In the “Executive Summary” of the contract proposal, Lake and Hice write: “5. Upon federal recognition, the “Development and Operating” contract will be sold to the highest bidder for $30 million or more. An investment decision may be made to keep the ‘right’ depending on profitability.” By the end of the purchases, the resort will own approximately 450 acres.
In the “Technical Summary” Lake and Hice explain that in “the unlikely event the Shasta’s are not able to achieve federal recognition within one year” the investment group will have an option to purchase OrCal’s equity interest in Hornbrook, LLD for $1,000. “This innovative alternative to foreclosure gives the entire real estate project to Investgroup with a minimum amount of trouble,” it claims.
The Pioneer Press then spoke with Siskiyou County District Attorney, Kirk Andrus, about the situation, asking the definition of “fraud.”

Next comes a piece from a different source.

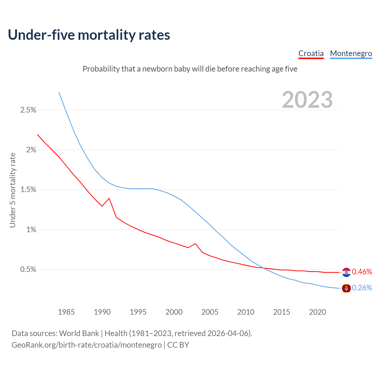 The chance that a newborn baby will die before reaching age five is 0.46% in Croatia and 0.26% in Montenegro. Above is a chart with historical data on under-five mortality rates.

It is as follows: Intentional deception resulting in injury to another. Fraud usually consists of a misrepresentation, concealment or nondisclosure of a material fact.
“It is very broad,” said D.A. Andrus.
Whether any investors have plunked down monies is not yet known by the Pioneer Press. But one thing is for sure – the Shasta Tribe does not have federal recognition, nor is it close to obtaining the status, according to government agencies and entities. So it is years away from establishing a casino.
Cheryl Schmit, of Stand Up for California, said that the U.S. government must be extremely careful in designating federal recognition, because of the eventual expense to the tax payer.
“Gary Lake would need to demonstrate that his Tribal government exercises social, economic and political influence that is wide spread over an entire group and community,” said Schmit, “not just a few activists."